The new information confirms that the cement, fertiliser, steel and paper industries will be added to the mandatory emissions trading scheme. As per other cap-and-trade schemes, low emitters should be able to sell spare credits. However, comments made by Apit Pria Nugraha, Head of the Center for Green Industry, Ministry of Industry, at a recent trade event in Jakarta suggested that companies that emit more than their allowance would have to pay a 5% levy on the excess and buy credits for the rest. This seems to be different from the EU Emissions Trading Scheme, where companies are fined only if they go above their allowance and they do not buy sufficient credits to cover themselves.
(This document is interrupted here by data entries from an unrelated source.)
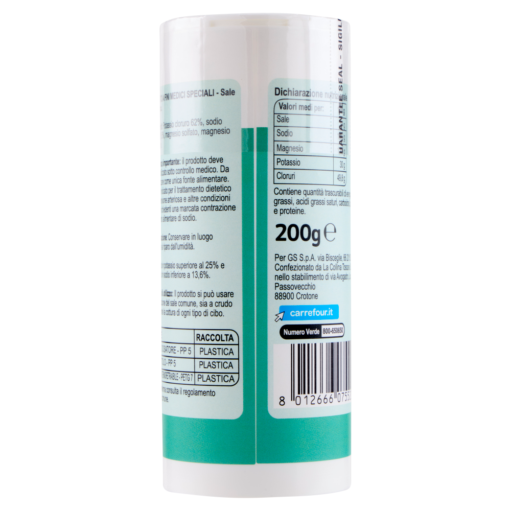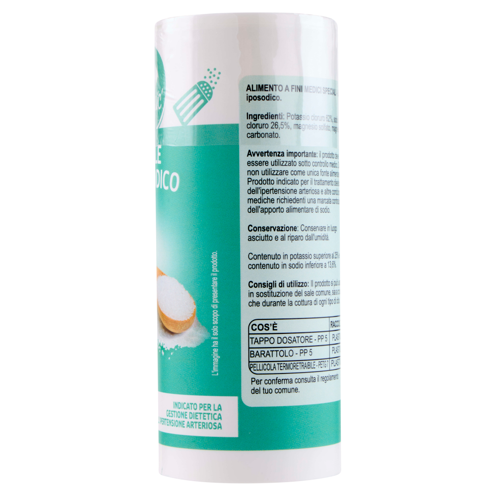 Avvertenza importante: il prodotto deve essere utilizzato sotto controllo medico. Da non utilizzare come unica fonte alimentare. Prodotto indicato per il trattamento dietetico dell'ipertensione arteriosa e altre condizioni mediche richiedenti una marcata contrazione dell'apporto alimentare di sodio.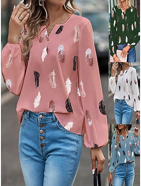 Női Póló Blúz Grafika Divat Stílusos Klasszikus Hosszú ujj V-alakú Normál felsők Napi Alkalmi Hétvége Fekete Fehér Arcpír rózsaszín Tintakék Lóhere Nyár Tavasz Ősz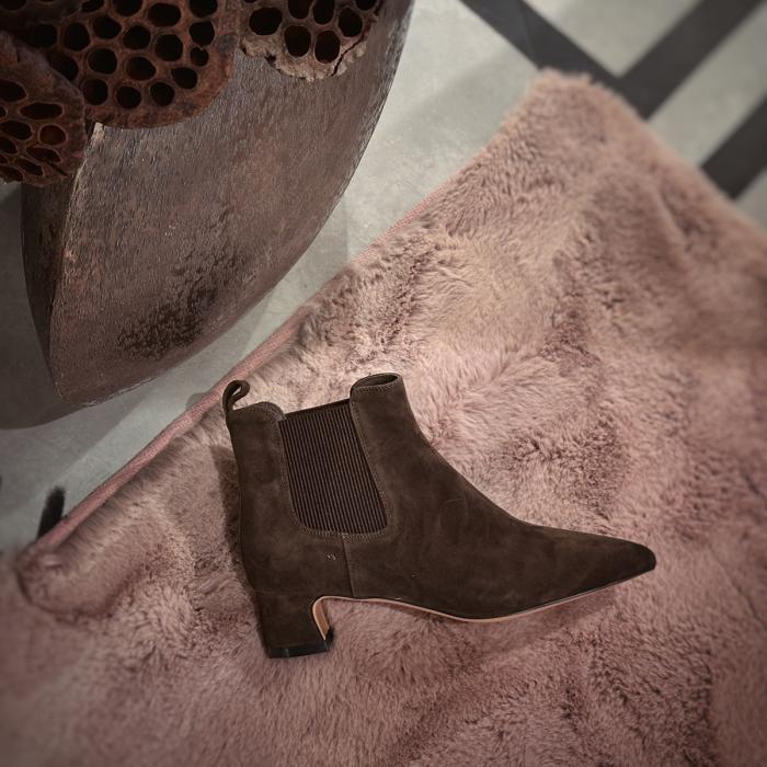 Ботильоны 10073, выполненные из натуральной замши в коричневом цвете, - элегантная женская обувь. Их ключевая особенность заключается в устойчивом каблуке (каблук обтянут натуральной замшей), остром мысе, отсутствии молнии и наличии эластичных вставок. Эти особенности обеспечивают комфортную посадку на ноге и легкость при надевании.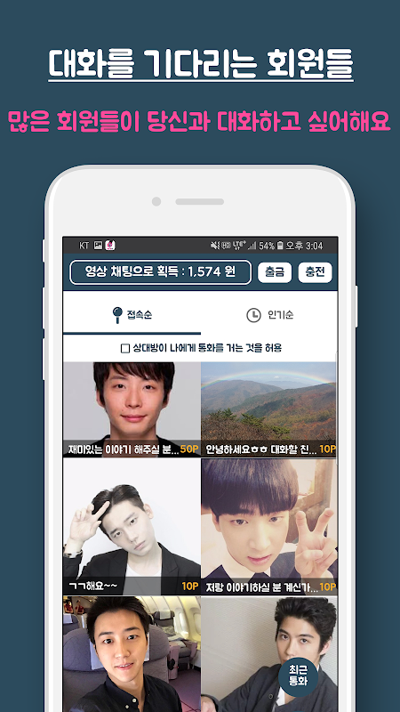 무료채팅으로 친구들과 대화하고, 대화할 때마다 얻은 포인트는 1:1비율로 환급이 가능합니다. 일반적인 채팅은 대화를 나눌때마다 정해진 현금을 얻을 수 있고, 특히 라이브영상으로 대화하면 10초마다 현금을 획득 할 수 있답니다.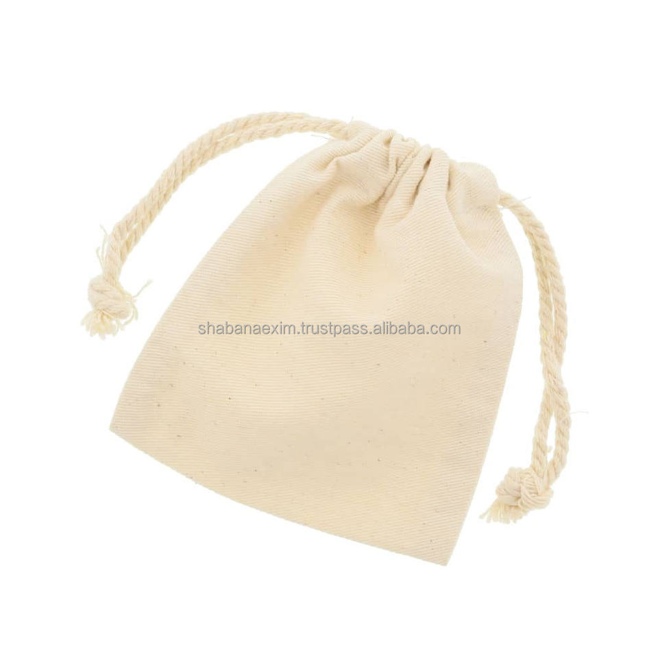 ถุงผ้าแคนวาสพิมพ์ลายพร้อมเชือกผูก ถุงผ้าฝ้ายสีขาวขนาดใหญ่แบบใช้ซ้ำได้ สำหรับจัดเก็บของขวัญงานแต่งงาน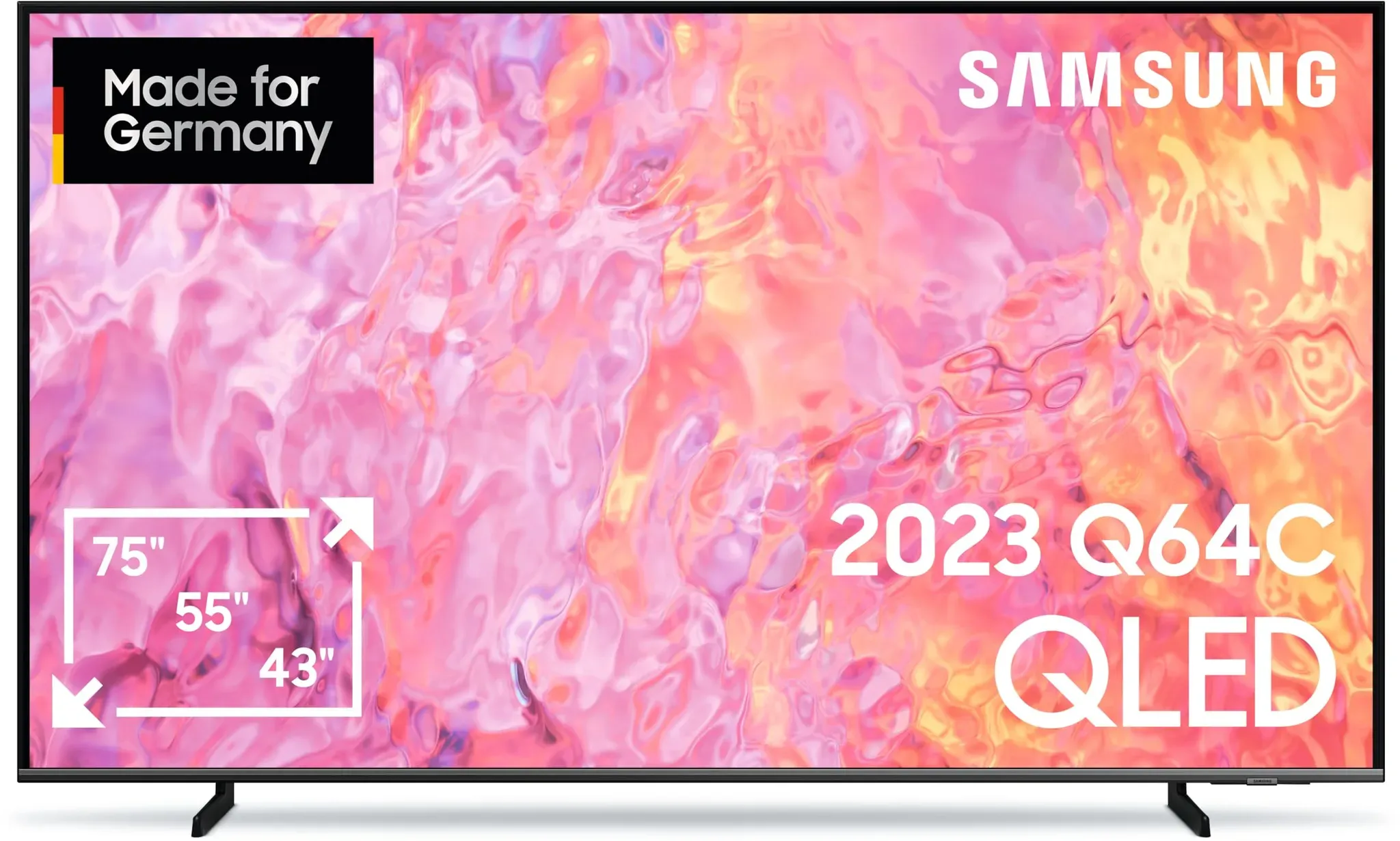 Multimedia TV & Video Fernseher & tragbare Fernseher Fernseher - EAN:8806097233725 - - gefunden von Kelkoo Ein QLED-Fernseher aus dem Jahr 2023, der mit Quantum-Dot-Technologie und Quantum HDR für verbesserte Farben und Kontraste sorgt. ![]() ![]() Samsung QLED 4K Q64C Fernseher 55 Zoll, UHD, Samsung TV mit Quantum-Dot-Technologie, Quantum HDR, AirSlim Design, Smart TV, GQ55Q64CAUXZG, Deutsches Modell [2023]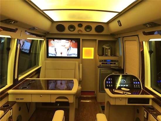 除了座椅,改装还可以从内饰的办公桌,秘书席,车内音响影音设备,地毯的改装,窗帘的设计等等,丰田考斯特改装商务车在内饰的设计上追求贴心的设计,用最精致的改装打造你的高级私人订制。丰田考斯特在改装的优势绝不是其他任何小型轿车所能相较的。而改装的私人订制也是丰田考斯特现在能够受到市场欢迎的重要原因。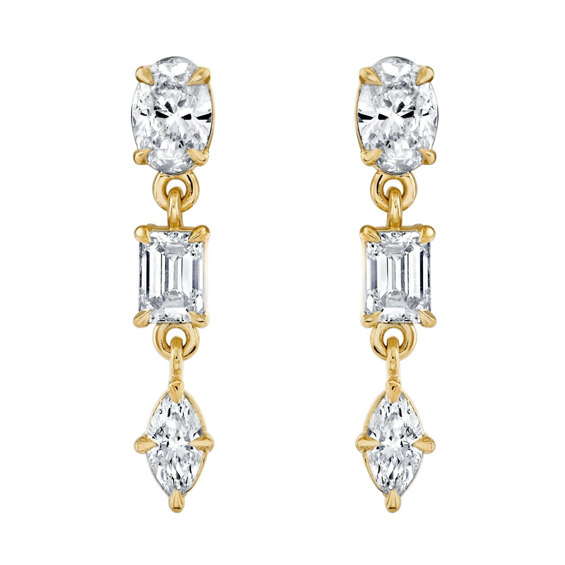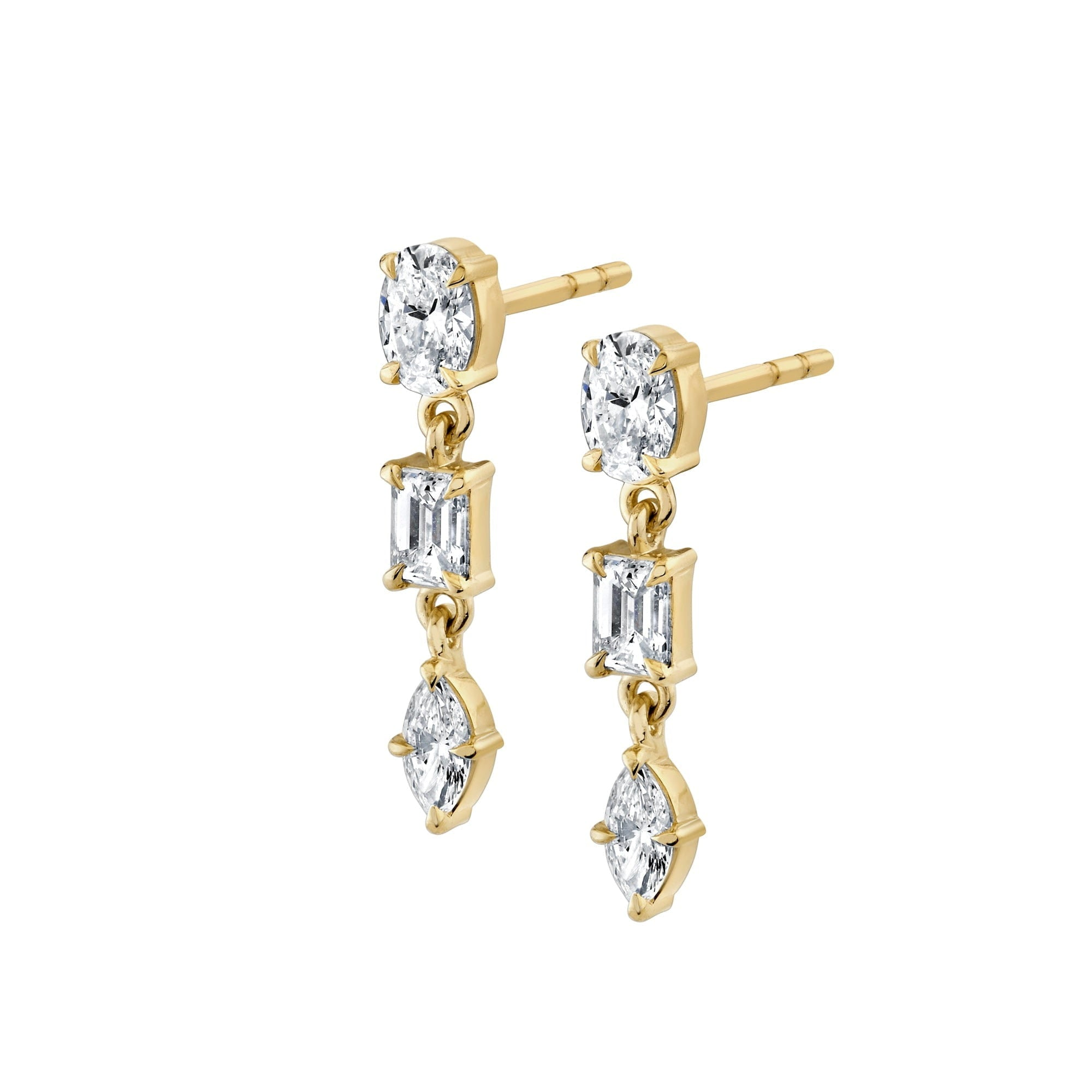 A pair of Michael M 'Montage 3 Stone Drop' earrings with diamonds, in 18K yellow gold.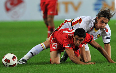 איסמעיל קויבאסי מטורקיה (באדום) וגיום ג'ילה מבלגיה (AFP)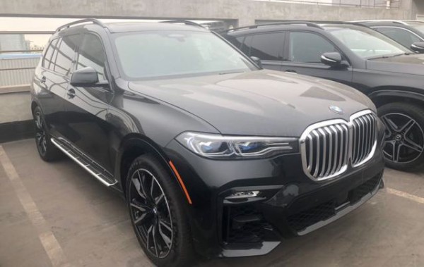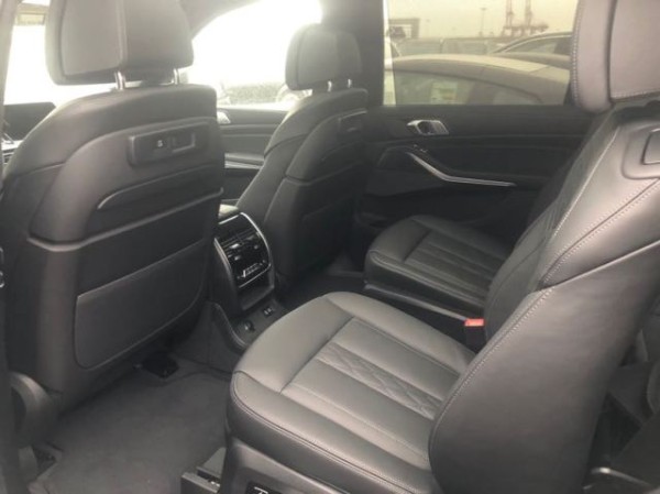 20款宝马X7 (配置|询价)车身侧面上方配有黑色行李架,前翼子板下方为长条状空气导流槽,腰线较为低矮且呈上扬之势,选用21英寸双五辐式拼色轮毂,车尾造型方正,LED尾灯组与粗壮的银色饰条贯穿相连,采用上下分段式电动尾门,排气采用双边共四出式布局,保险杠下方两侧配有大尺寸镀铬尾喉装饰。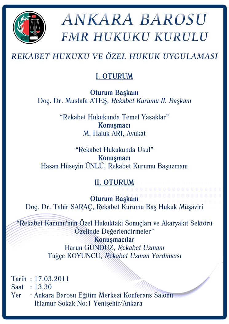 Ankara Barosu FMR Hukuku Kurulu tarafından düzenlenen “Rekabet Hukuku ve Özel Hukuk Uygulaması” konulu toplantı 17 Mart 2011 Perşembe günü gerçekleştirilmiştir.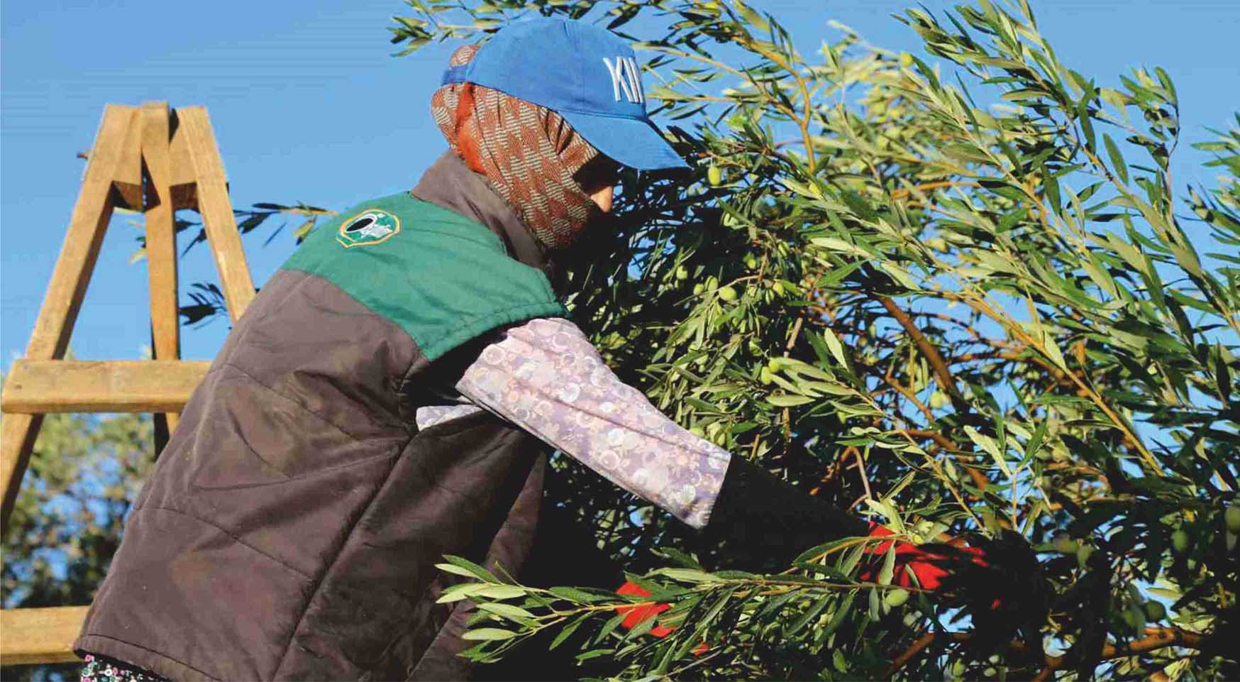 Zeytin toplayıcılarının büyük bir şevkle başladıkları hasatta, zeytinler ağaçların dallarından kadın çiftçiler tarafından elle toplandı.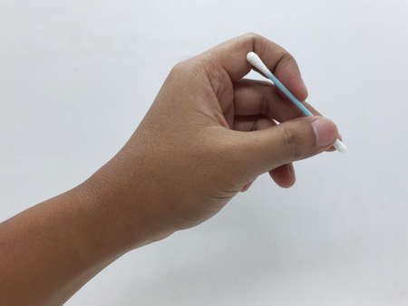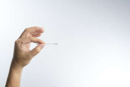 Hand with cotton swab on white background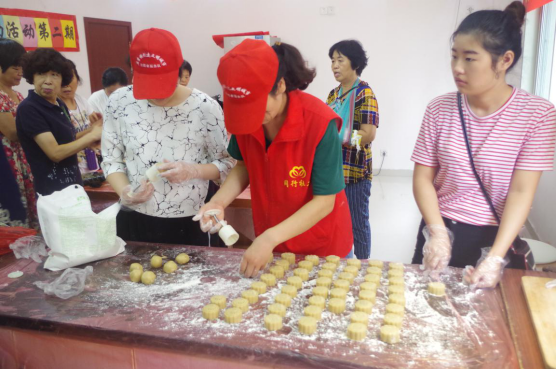 上午9点活动正式开始,30分钟调馅,接着和面,6个人每人一盆,接下4人包馅,2人出饼,最后4人去烘烤,下午1点包装,4点时社区、社工、志愿者一起去困难家庭送去节日慰问。调馅—和面—包馅—出饼—烘烤—包装—慰问,下午6点时整个流程结束。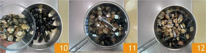 Versez les Comment nettoyer et ouvrir les moules et les palourdes déjà purgées 10. Couvrez avec le couvercle 11 et cuisez à feu vif jusqu'à l'ouverture des coquilles 12.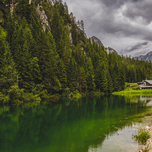 A perfect little lake in the Hohlenstein valley, framed by evergreen trees and nearby mountains, framing this little local restaurant, What a perfect location on the way to Lake Misurina with a view of Tre Cime.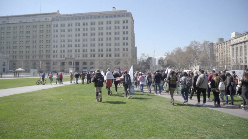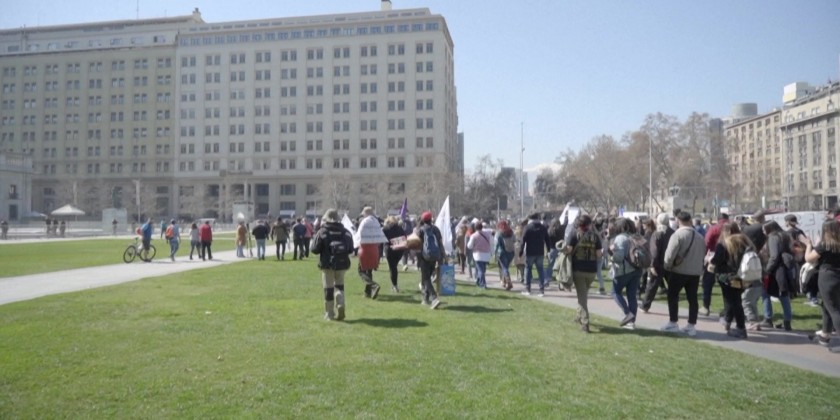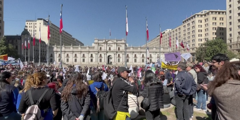 Hundreds of teachers protest outside Chile's La Moneda presidential palace and the Education Ministry in the capital Santiago to demand pay hikes and a change to the country's educational model, as the teachers union announces the launch of an "indefinite national strike."

However, we’ll have to wait to confirm this and other details.
Meanwhile in Taiwan, Peng Chi-ming, the Minister of Environment, announced that a bill establishing a local CBAM could be prepared in the second half of 2025. What is telling though is how the local press coverage of this story framed the trade policy aspects of such a scheme. Peng questioned how the EU CBAM might fare in response to the protectionist and pro-tariff administration in the US. He also noted that importers of cement and steel didn’t have to disclose their carbon emissions compared to local producers. Vietnam, unsurprisingly, was singled out as a likely target of a CBAM given that one third of Taiwan’s imports of cement come from there. Lastly, Peng also said that Taiwan would have to apply to the World Trade Organization for approval if or when it did set up its own CBAM.
Taiwan introduced a carbon tax at the start of 2025 with a standard price of US$9.16/t of CO2 and lower prices for companies using approved reduction plans or meeting technology benchmarks. Research by Reccessary indicated that Taiwan Cement might face a carbon tax bill of US$41m and Asia Cement could be looking at US$28m based on 2023 data. These additional costs will increase operating costs and reduce profits.
All of this may sound familiar because it has already happened in Europe. Some form of carbon trading or taxation is introduced and then the debate moves on to carbon leakage via imports. The cement industries in Indonesia and Taiwan are unlikely to be aggravated directly by the EU CBAM but the wider economies of both countries are reacting to secure access to export markets. This, in turn, has implications for a heavy CO2-emitting sector like cement. For example, if a CBAM isn’t already being considered in Indonesia, local heavy industry is likely to start lobbying for one, if the new ETS starts affecting import rates.
The Minister of Environment in Taiwan and others before him have identified that climate policies can be protectionist. As more countries regulate local carbon emissions, more trade disputes look likely. The big one right now might be the growing argument between the US Trump administration and the EU. Yet, every time a country sets up a new carbon scheme, a potential new argument over trade is brewing. And cement producers in Indonesia, Taiwan and everywhere else are stuck in the middle of all of this.